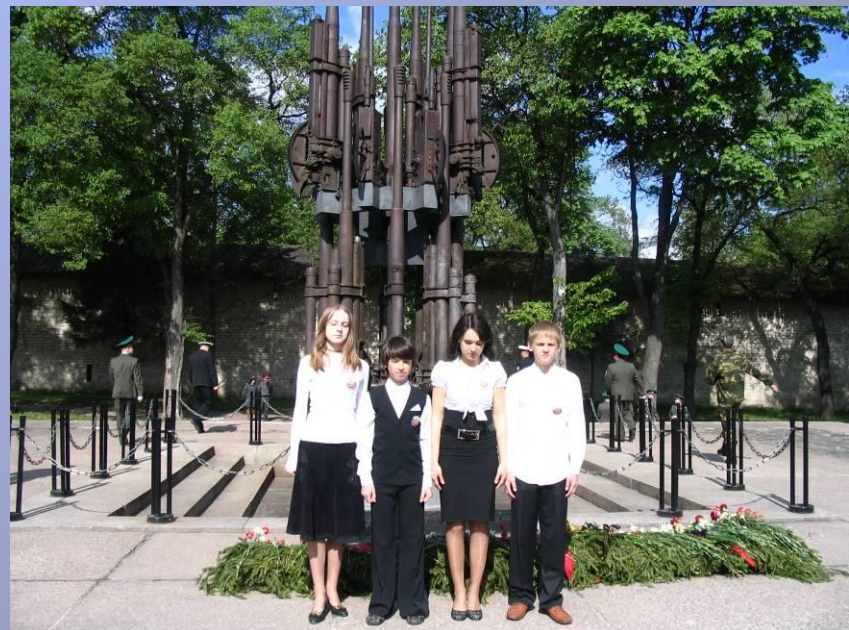
Участие в праздничных мероприятиях
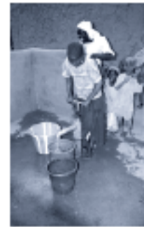
Oben: Wasserstelle alt Links: Brunnen neu
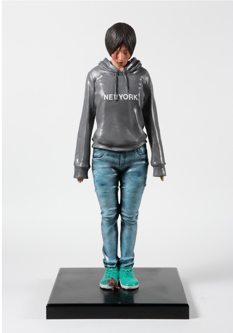
【작품 4】 눈물
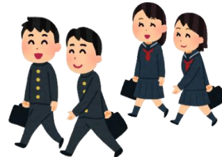
【通学時間の短縮に】
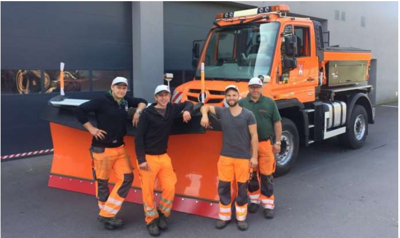
Anfang September wurde der Vorführ-Unimog von der Fa. Papas an die Bauhofmitarbeiter übergeben.
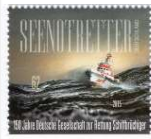
die rare Sondermarke
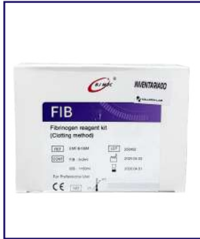
Fibrinógeno 60ml - BSBE
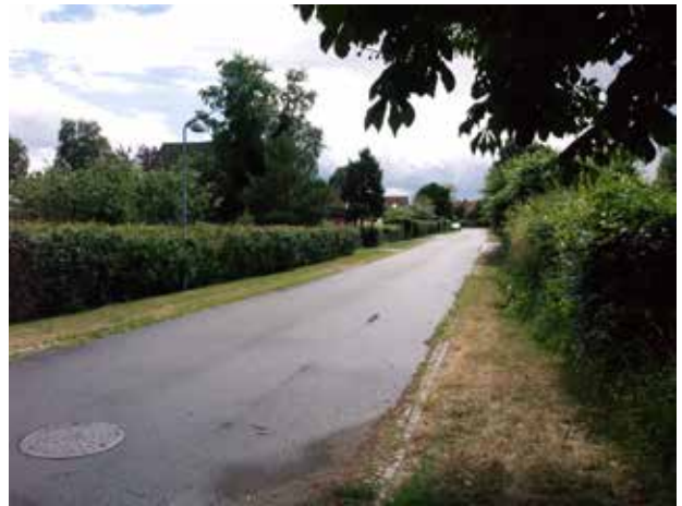
Vinkelvej karakteriseres af, at parcelhusene ligger let tilbagetrukket fra vejen.
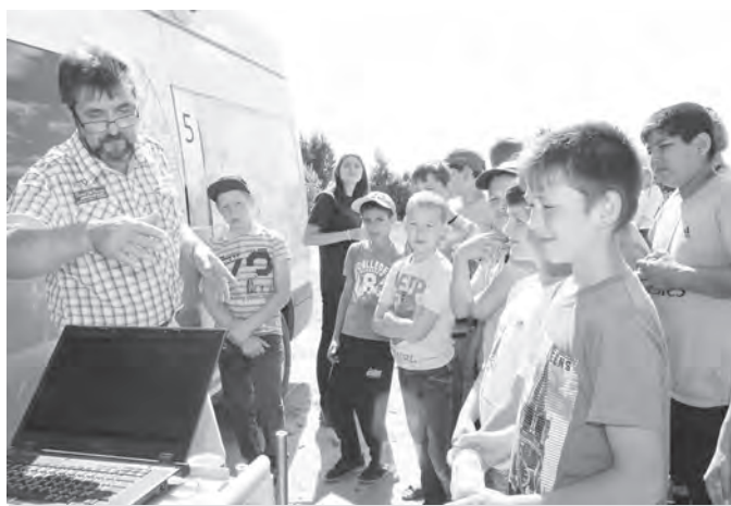
Специалист ПО «Маяк» демонстрирует работу приборов
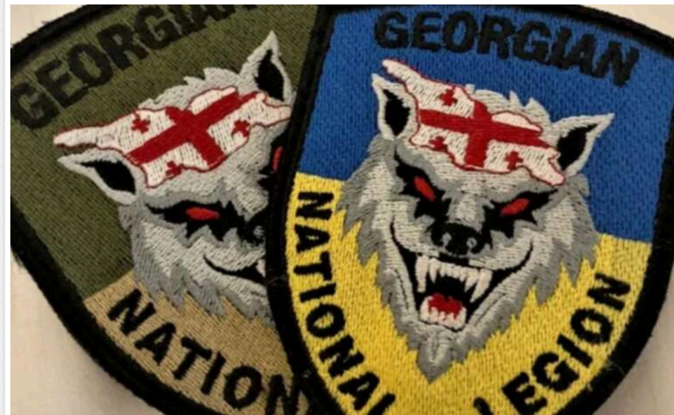
У Росії заочно засудили ще двох грузинських бійців, які воювали в складі ЗСУ
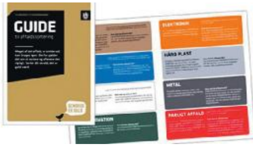
Kommunen har rundsendt farvede mærkater til husstandene

Kilder: Københavns Kommunes hjemmeside og brochuren "Guide til affaldssortering"
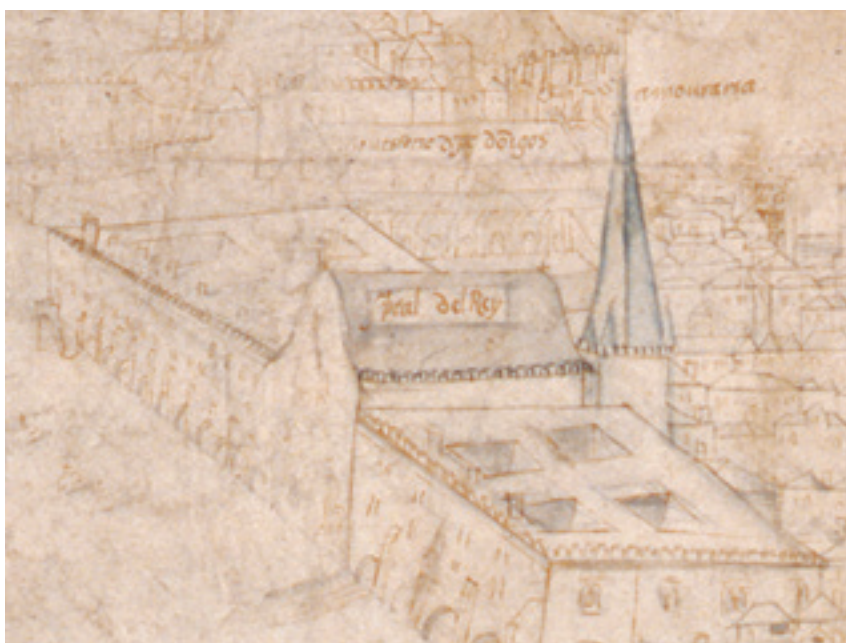
Fig. 8 – Pormenor de uma vista de Lisboa na Biblioteca Universitária de Leiden, cerca de 1550-1570?
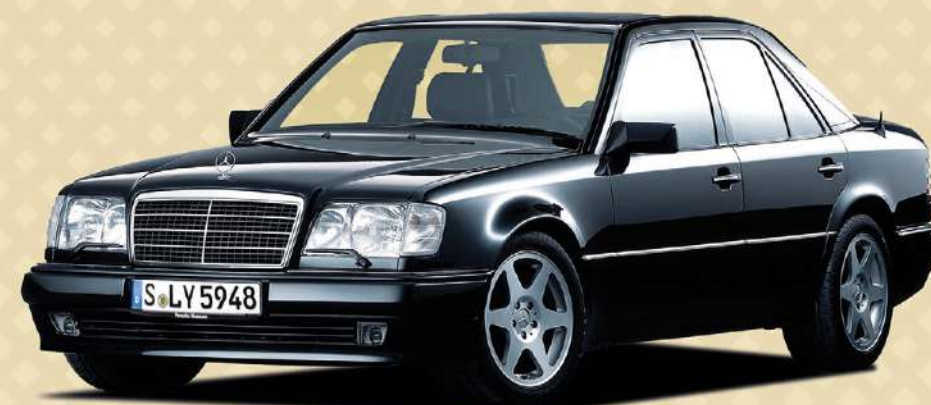
NEUMÁTICOS: MICHELIN PRIMACY 3.

El proceso de producción duraba 18 días y cada 500 E hacía dos veces el viaje de Zuffenhausen a Sindelfingen, dos de las factorías históricas de la marca. Empezaron fabricándose diez al día y hubo que doblar producción por la alta demanda. Hoy son modelos cotizados, especialmente la serie Limited de 500 unidades.
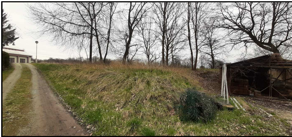
Pohled na bývalou skládku od severozápadu.
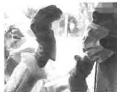
Sono 1.554 i malati nel cesenate

Il report settimanale della pandemia segna un rialzo nei contagi. Con le vaccinazioni che stanno andando a rilento: molte categorie e fasce d'età ancora non hanno accesso alla copertura con la 4 a dose. Inoltre tanti stanno aspettando che siano fruibili i nuovi vaccini con copertura anche per molte delle varianti e-
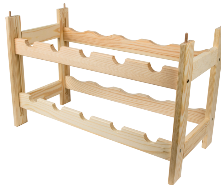
Ściana półek z wycięciem na korpus butelki

3. Po zamontowaniu 2 ścian leżni regał jest prawidłowo złożony.
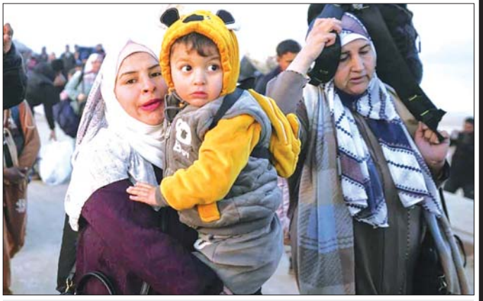
ဂါဇာကမ်းမြောင် မြောက်ပိုင်းရှိ နေအိမ်များသို့ ပြန်လာကြသော နေရပ်စွန့်ခွာ ပါလက်စတိုင်းလူမျိုးများကို ဇန်နဝါရီ ၂၇ ရက်က တွေ့ရစဉ်။

ဂါဇာ ဇန်နဝါရီ ၂၇ ၁၅ လအကြာ ဘေးလွတ်ရာ တိမ်းရှောင်ပြီးနောက် ပါလက်စတိုင်းလူမျိုး သောင်းနှင့်ချီ ဂါဇာမြို့ရှိ ၎င်းတို့၏ နေအိမ်များနှင့် ဂါဇာမြောက်ပိုင်းဒေသ များသို့ ဇန်နဝါရီ ၂၇ ရက်တွင် နေရပ်ပြန်သွားကြပြီ ဖြစ်ကြောင်း သိရသည်။ ဟားမားစ်နှင့် အစ္စရေးတို့အကြား ဇန်နဝါရီ ၃၁ ရက်မတိုင်မီ အစ္စရေးစားစာခံ အာဘဲလ် ရေဟုဒ် နှင့် နောက်ထပ်နှစ်ဦး ပြန်လွှတ်ပေးရေး သဘော တူညီမှုရရှိခဲ့သည်ဟု ကာတာနိုင်ငံက ဇန်နဝါရီ ၂၆ ရက် ညနေပိုင်းတွင် ထုတ်ပြန်ကြေညာပြီး နောက် ထိုက်သို့ ပါလက်စတိုင်းလူမျိုးများ နေရပ် ပြန်မှု ထွက်ပေါ်လာခြင်းဖြစ်သည်။ ဟားမားစ်တို့က ဖေဖော်ဝါရီ ၁ ရက်တွင် နောက်ထပ်စားစာခံသုံးဦး လွှတ်ပေးသွားဖွယ် ရှိသည်။ သဘောတူညီချက်အရ အစ္စရေးသည် ဇန်နဝါရီ ၂၇ ရက် နံနက်ပိုင်းမှစတင်ကာ ဂါဇာ ကမ်းမြောင်မြောက်ပိုင်းသို့ ဒေသခံများ နေရပ်ပြန် ရေးကို ခွင့်ပြုပေးထားသည်။ ဟားမားစ်အဖွဲ့သည် စားစာခံများ လွှတ်ပေး ရေး နောက်ထပ်အဆင့်တစ်ခုကို ဆက်လက် လုပ်ဆောင်ရန် လက်ခံသဘောတူညီကြောင်း အစ္စရေးဝန်ကြီးချုပ် ဘင်ဂျမင်နေတန်ယာဟု၏ ရုံးက ဇန်နဝါရီ ၂၇ ရက် အစောပိုင်းတွင် ထုတ်ဖော် ပြောကြားသည်။ ဆင်ဟွာ

***

Produce an exact reproduction of the listing above, limited to the lines starting at the line with "демонстрирует работу приборов" and ending at the line with "Kilder: Københavns Kommunes", both kept, with every picture left out.

▶ _RESPONSE BOX_
Специалист ПО «Маяк» демонстрирует работу приборов
У Росії заочно засудили ще двох грузинських бійців, які воювали в складі ЗСУ
Kommunen har rundsendt farvede mærkater til husstandene

Kilder: Københavns Kommunes hjemmeside og brochuren "Guide til affaldssortering"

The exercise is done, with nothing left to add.